[GPU] Fix Gemma4-E4B SDPA model (#35642)
### Details:
This PR fixes two consecutive errors related to the inference of
Gemma4-E4B SDPA version model on iGPU
1. In this model, a single `KVCache` is shared between multiple `SDPA`
layers
So problems arise in `SyncInferRequest::allocate_states` and
`VariableStateIndirectKVCacheCompressed` is created when one
`kv_cache_prim` is compressed and the other is not, which leads to
output mismatches in the plugin.
Currently, this only affects iGPUs with `supports_immad=false`, so we
can temporarily fix it by disabling `KVCacheCompression` for such a
graph, which removes potential mismatches.
It will need to be redone when PA models are enabled.
2. Out-of-bounds SLM access in `sdpa_opt` finalization kernel.
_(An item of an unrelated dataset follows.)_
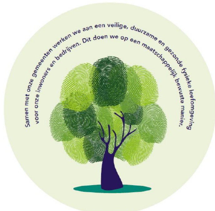
FIGUUR 1: MISSIE ODRU

Onze gemeenten kennen een diversiteit aan bedrijven. Een beperkt aantal bedrijven valt onder de Brzo-inrichtingen 5 . De Omgevingsdienst Noordzeekanaalgebied verzorgt bij deze bedrijven de vergunningverlening, toezicht en handhaving. De provincie is bevoegd gezag voor de bouw- en milieuaspecten van een bepaalde categorie bedrijven. Een deel van de bijbehorende, uitvoerende bouwtaken wordt waarschijnlijk overgebracht van de gemeenten naar de Omgevingsdiensten RUD 6 en ODRU. Grote verkeersstromen over weg en spoor zorgen voor een forse druk op de fysieke leefomgeving. De ODRU regisseert de uitvoering van projecten voor geluidssanering (c.q. gevelaanpassingen). Ook zijn we alert op ondermijning en de risico's daarvan.

The finalization stage allocated `tmp_slm[SUBGROUP_SIZE]` elements for
cross-subgroup reduction, but the actual number of subgroups per
workgroup is `SUBGROUPS_PER_WG = CEIL_DIV(V_HEAD_SIZE * SG_SCALE_FACTOR,
SUBGROUP_SIZE)`.
When `V_HEAD_SIZE` > `SUBGROUP_SIZE^2` (e.g. `head_size=512`,
`SUBGROUP_SIZE=16` gives `SUBGROUPS_PER_WG`=32 > 16), `tmp_slm[sgid]`
writes go out of bounds.
So changed `tmp_slm` allocation to `SUBGROUPS_PER_WG` and replaced the
single-pass lane-indexed reduction with a folded loop over
`CEIL_DIV(SUBGROUPS_PER_WG, SUBGROUP_SIZE)` iterations, correctly
reducing across all subgroups regardless of head size.
There are problems reproducing the problem using the test, apparently
more interactions with memory are needed to reproduce it as in the
inference of the whole model
### AI Assistance:
- *AI assistance used: yes*